I got sick in the stomach. I prayed a lot as I stayed there in the restroom. I said, “Dear God, there must be something better for me. I never harmed anyone in my life, dear Lord.” I went back to the phone room and I just sat there. I didn’t make any calls. The supervisor called me out and wanted to know why I was sitting there. I told him I wasn’t feeling good, and I went home.
I came back the next day because I didn’t have any other means of employment. I just kept praying and hoping and looking. And then, as if my prayers were answered, I got another job. The one I have now. I love it.

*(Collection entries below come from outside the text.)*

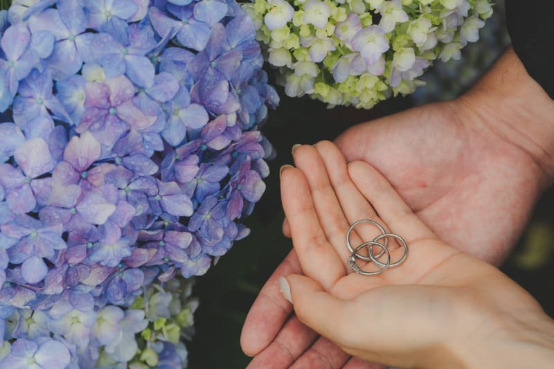 指輪のショットもお撮りさせて頂きました。紫陽花もしっかり入って季節感も出てますね◎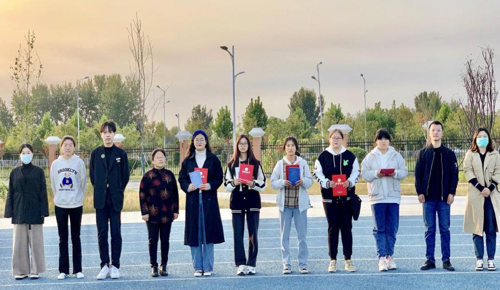 升旗礼毕。澳门正规电子游戏平台团总支负责人黄莹莹宣读了2022级普通本科班级参加《学生手册》测试获一二三等奖同学名单,并进行了颁奖活动,学院分管副书记孟向红为彭诗琦等5名同学进行颁奖。
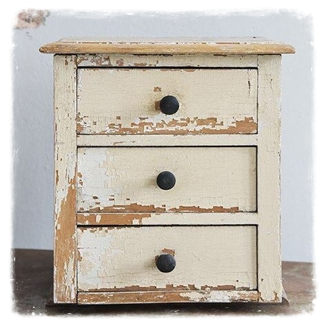Een oud ladenkastje in een fleurig beschilderd jasje.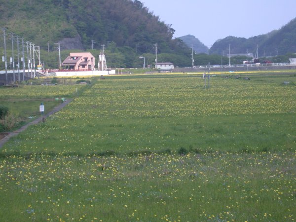 - 岩科中村地区のレンゲ畑の写真です。畑の中は、蜜を吸いにきているミツバチがたくさんいました。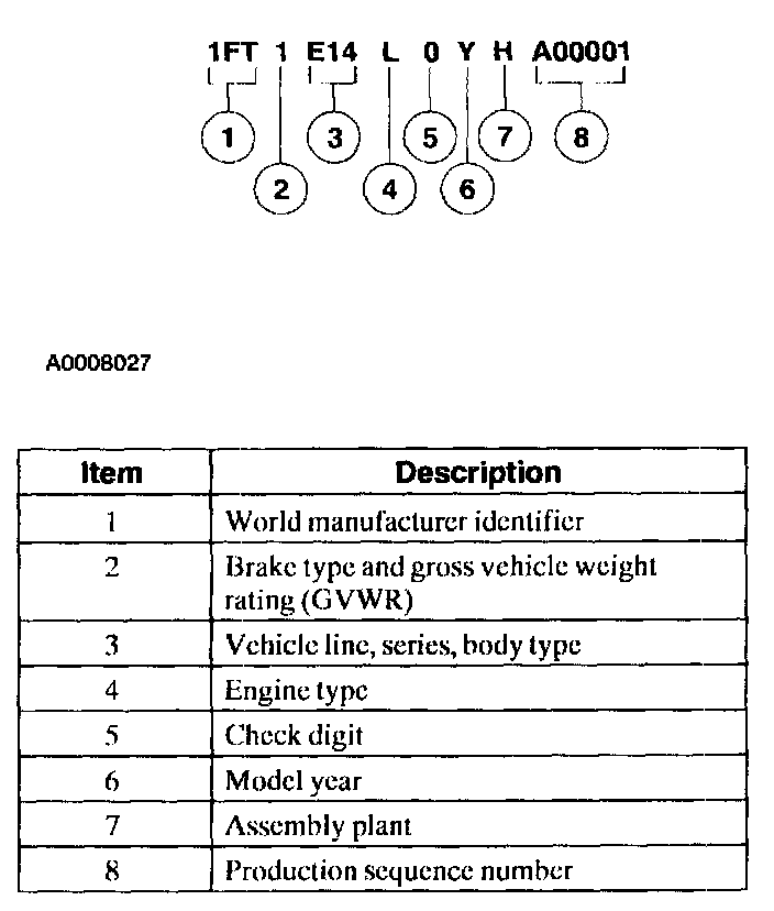 Positions 5 through 7 indicate vehicle line, series and body type.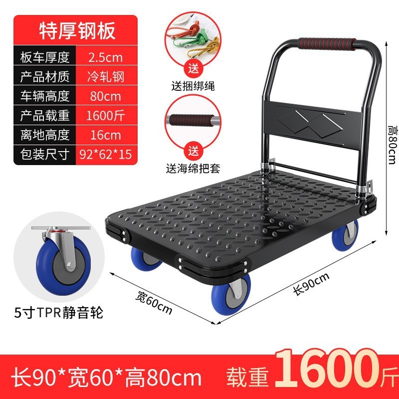 Foldable Carrier Silent Big Capacity Pull Goods Can Adjust Height Flatbed Steel Plate Trolley Tools Shopping Cart
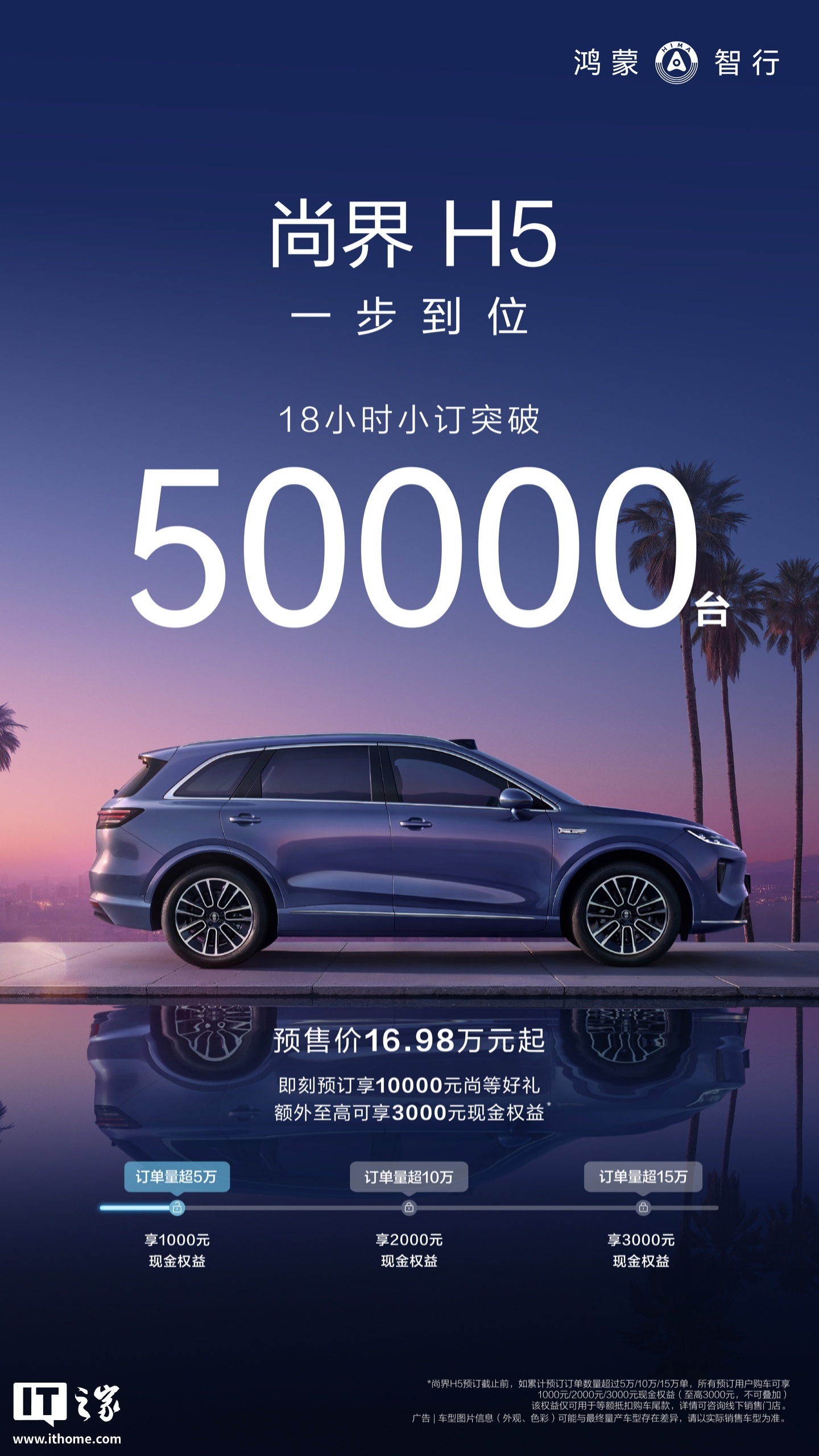 根据IT之家的最新报道,尚界H5已经启用小订,官方最新数据显示,新车18小时小订的销售额已经突破50,000台,并且解锁了第一档现金权益,即尾款立减1,000元。由于尚界汽车官方暂未公布新的小订数据,因此可以推测,该车小订暂时还没有达到10万台的销售额。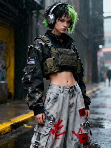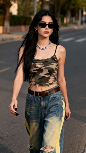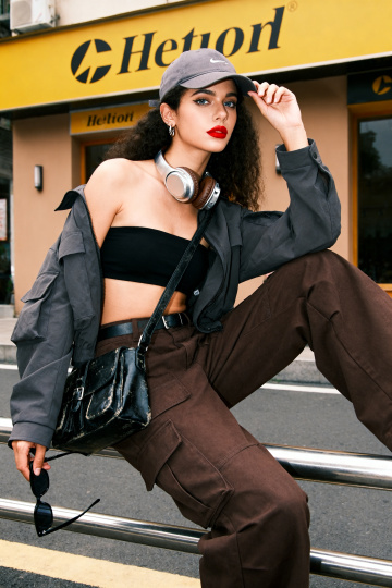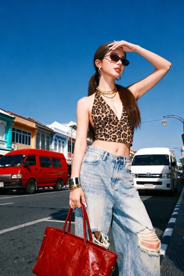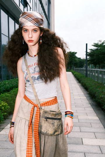 低饱和粉色纹理渐变背景,女人(紫棕纹理吊带搭配蓝色半身裙,粉色中筒靴,千禧年配饰,玫红色复古腋下包)动作舒展。看镜头。

I walked into the bully’s office and told him a few things. I told him I was sick and tired of him. Oh God, I really can’t tell you what I said. (Laughs.) I told him, “I’m not gonna stay here and lie for you. You can take your job and shove it.” (Laughs.) And I walked out. He just stood there. He didn’t say anything. He was surprised. I was very calm, I didn’t shout. Oh, I felt good.
I still work in the same building. I pass him in the hallway every once in a while. He never speaks to me. He looks away. Every time I see him I hold my head very high, very erect, and keep walking.
BOOK THREE
CLEANING UP
NICK SALERNO
He has been driving a city garbage truck for eighteen years. He is forty-one, married, has three daughters. He works a forty-hour, five-day week, with occasional overtime. He has a crew of three laborers. “I usually get up at five-fifteen. I get to the city parking lot, you check the oil, your water level, then proceed for the ward yard. I meet the men, we pick up our work sheet.”
 
You get just like the milkman’s horse, you get used to it. If you remember the milkman’s horse, all he had to do was whistle and whooshhh! That’s it. He knew just where to stop, didn’t he? You pull up until you finish the alley. Usually thirty homes on each side. You have thirty stops in an alley. I have nineteen alleys a week. They’re called units. Sometimes I can’t finish ‘em, that’s how heavy they are, this bein’ an old neighborhood.
I’ll sit there until they pick up this one stop. You got different thoughts. Maybe you got a problem at home. Maybe one of the children aren’t feeling too good. Like my second one, she’s a problem with homework. Am I doin’ the right thing with her? Pressing her a little bit with math. Or you’ll read the paper. You always daydream.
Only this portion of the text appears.